[TASK DESCRIPTION] Return only the lines of the listing below that run from the line with "Lot of six Guatemala" through the line with "80Adorable paper lamp, illuminates", both ends included, exactly as written.

▼

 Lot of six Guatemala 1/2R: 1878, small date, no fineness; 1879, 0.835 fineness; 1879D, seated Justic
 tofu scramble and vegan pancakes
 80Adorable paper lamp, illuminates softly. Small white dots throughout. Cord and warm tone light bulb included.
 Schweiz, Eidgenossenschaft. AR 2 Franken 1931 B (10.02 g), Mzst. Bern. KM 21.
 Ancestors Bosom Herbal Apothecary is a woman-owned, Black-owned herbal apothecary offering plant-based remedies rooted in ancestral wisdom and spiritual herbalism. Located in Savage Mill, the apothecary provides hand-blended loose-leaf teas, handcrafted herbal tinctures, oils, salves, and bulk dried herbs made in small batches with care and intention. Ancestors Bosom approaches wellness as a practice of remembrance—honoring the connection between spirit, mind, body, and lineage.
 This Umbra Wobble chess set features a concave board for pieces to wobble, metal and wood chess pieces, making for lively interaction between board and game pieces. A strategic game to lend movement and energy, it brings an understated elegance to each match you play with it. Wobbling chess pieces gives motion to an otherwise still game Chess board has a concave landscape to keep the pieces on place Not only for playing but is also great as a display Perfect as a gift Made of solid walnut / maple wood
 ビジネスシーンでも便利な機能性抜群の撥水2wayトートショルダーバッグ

▲
▼

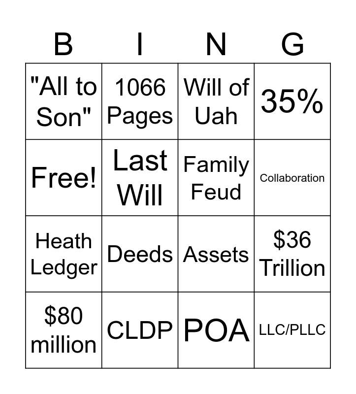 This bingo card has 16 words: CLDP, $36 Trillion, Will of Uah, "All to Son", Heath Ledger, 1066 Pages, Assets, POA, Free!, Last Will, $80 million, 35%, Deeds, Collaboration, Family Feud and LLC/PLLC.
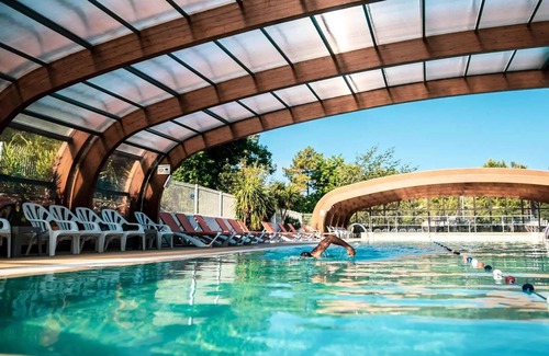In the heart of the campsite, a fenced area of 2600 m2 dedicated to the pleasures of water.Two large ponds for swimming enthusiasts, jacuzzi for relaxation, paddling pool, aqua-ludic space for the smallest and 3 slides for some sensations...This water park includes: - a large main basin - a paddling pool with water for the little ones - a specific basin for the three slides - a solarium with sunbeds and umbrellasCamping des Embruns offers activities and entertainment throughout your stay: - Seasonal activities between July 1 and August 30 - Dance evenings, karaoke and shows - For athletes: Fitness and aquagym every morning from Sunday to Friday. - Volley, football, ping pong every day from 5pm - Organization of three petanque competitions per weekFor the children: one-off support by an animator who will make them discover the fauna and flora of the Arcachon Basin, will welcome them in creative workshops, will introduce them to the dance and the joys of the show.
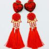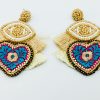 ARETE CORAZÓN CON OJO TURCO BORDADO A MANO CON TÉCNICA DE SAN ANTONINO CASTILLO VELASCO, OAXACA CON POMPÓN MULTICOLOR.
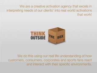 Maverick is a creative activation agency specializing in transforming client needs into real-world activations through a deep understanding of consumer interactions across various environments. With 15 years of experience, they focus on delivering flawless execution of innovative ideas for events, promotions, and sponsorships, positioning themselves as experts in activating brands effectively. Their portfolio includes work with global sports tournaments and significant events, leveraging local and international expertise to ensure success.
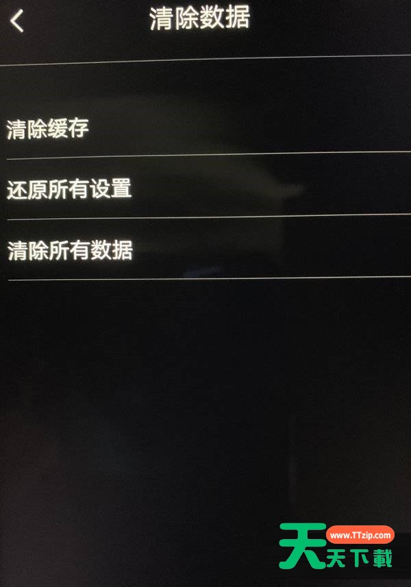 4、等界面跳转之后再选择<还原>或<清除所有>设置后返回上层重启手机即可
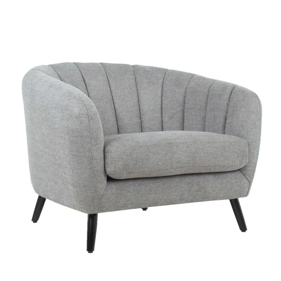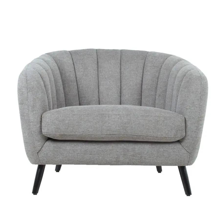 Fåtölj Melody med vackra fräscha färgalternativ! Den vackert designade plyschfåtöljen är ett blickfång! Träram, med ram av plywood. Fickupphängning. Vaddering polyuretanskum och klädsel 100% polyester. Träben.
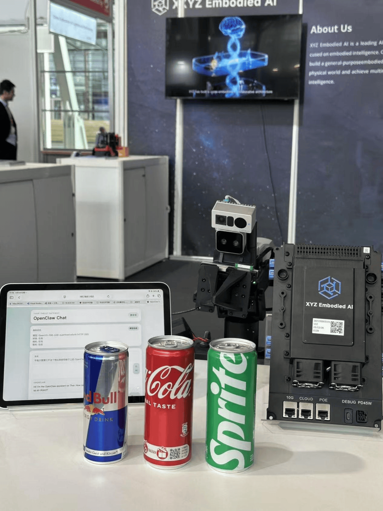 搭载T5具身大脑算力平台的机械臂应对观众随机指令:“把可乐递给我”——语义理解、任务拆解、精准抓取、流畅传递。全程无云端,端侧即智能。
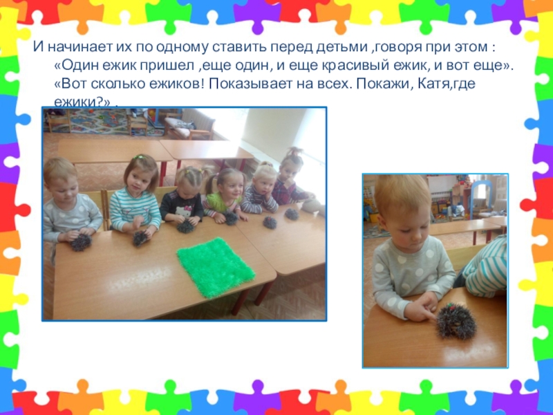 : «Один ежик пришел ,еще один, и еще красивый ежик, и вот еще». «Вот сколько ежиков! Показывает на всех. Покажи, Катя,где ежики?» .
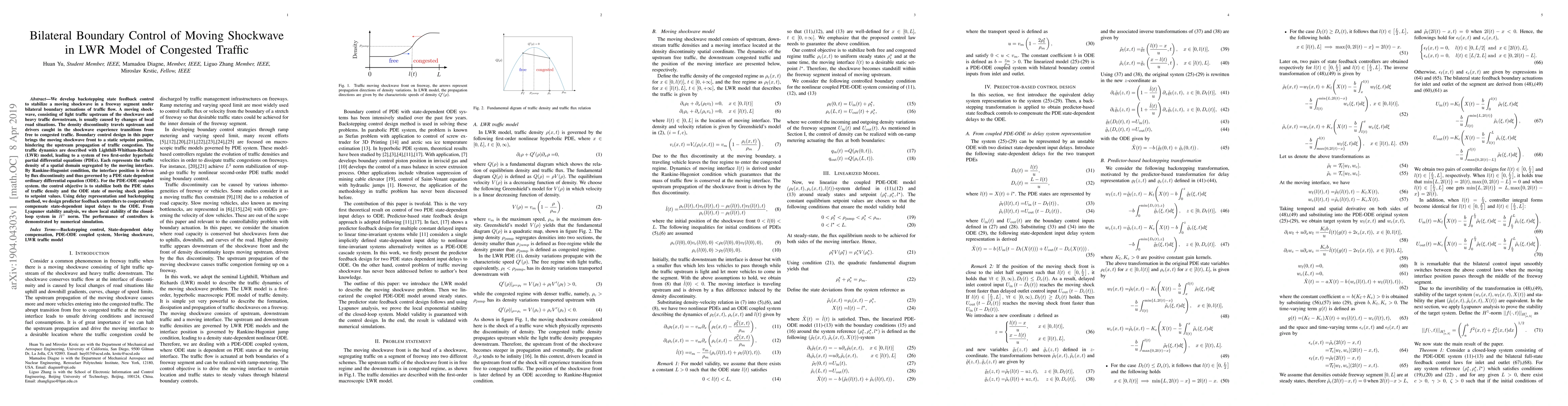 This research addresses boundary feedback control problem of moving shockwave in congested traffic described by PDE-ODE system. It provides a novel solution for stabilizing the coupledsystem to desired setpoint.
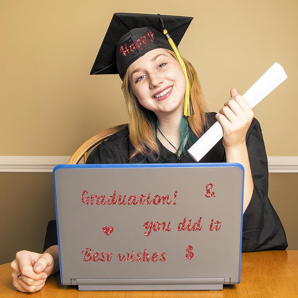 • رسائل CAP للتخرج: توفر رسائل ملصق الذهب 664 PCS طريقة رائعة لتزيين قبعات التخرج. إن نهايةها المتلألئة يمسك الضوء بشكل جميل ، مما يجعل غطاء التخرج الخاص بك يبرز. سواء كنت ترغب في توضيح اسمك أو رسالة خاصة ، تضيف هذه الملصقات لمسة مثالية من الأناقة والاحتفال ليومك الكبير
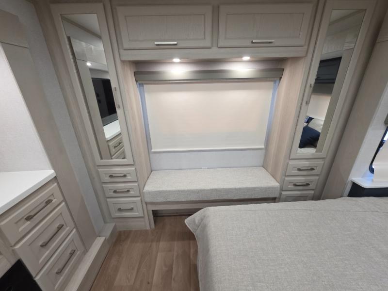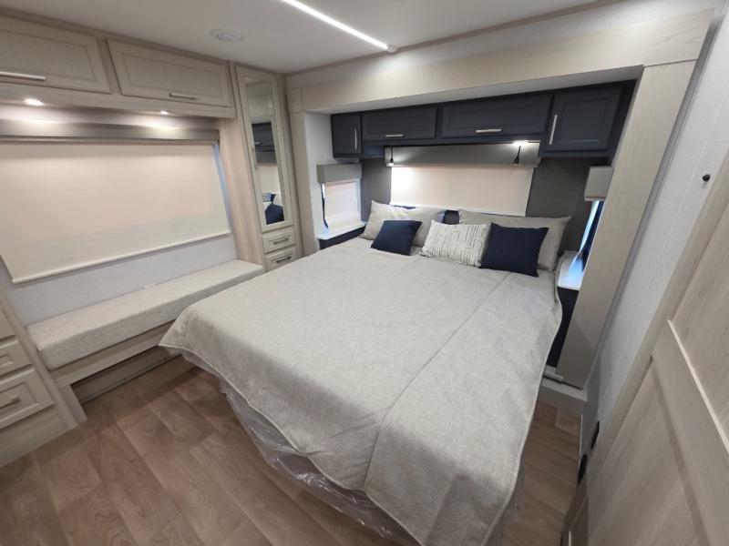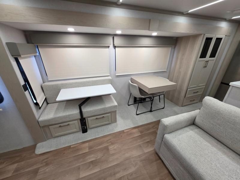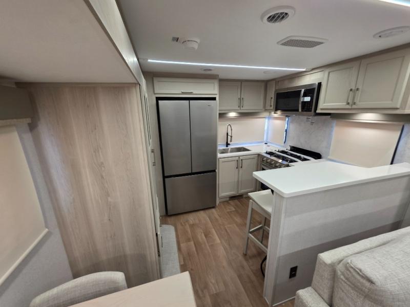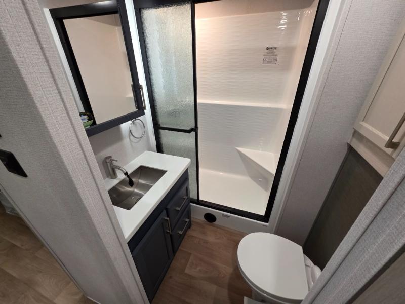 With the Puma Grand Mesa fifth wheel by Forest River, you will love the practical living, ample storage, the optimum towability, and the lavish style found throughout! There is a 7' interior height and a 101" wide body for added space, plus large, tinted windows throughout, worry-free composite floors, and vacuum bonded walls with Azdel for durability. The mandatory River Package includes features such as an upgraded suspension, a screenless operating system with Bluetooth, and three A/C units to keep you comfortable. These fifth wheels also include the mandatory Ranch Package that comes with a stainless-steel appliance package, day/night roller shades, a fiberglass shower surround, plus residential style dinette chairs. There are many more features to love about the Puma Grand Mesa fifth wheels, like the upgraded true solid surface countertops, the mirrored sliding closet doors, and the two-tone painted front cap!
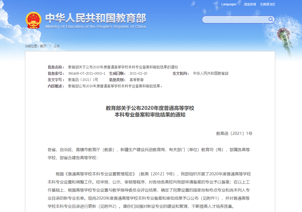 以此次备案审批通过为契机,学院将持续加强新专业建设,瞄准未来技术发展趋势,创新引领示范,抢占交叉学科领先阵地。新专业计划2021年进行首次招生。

▲

[ANSWER TO THIS TASK]
 Lot of six Guatemala 1/2R: 1878, small date, no fineness; 1879, 0.835 fineness; 1879D, seated Justic
 tofu scramble and vegan pancakes
 80Adorable paper lamp, illuminates softly. Small white dots throughout. Cord and warm tone light bulb included.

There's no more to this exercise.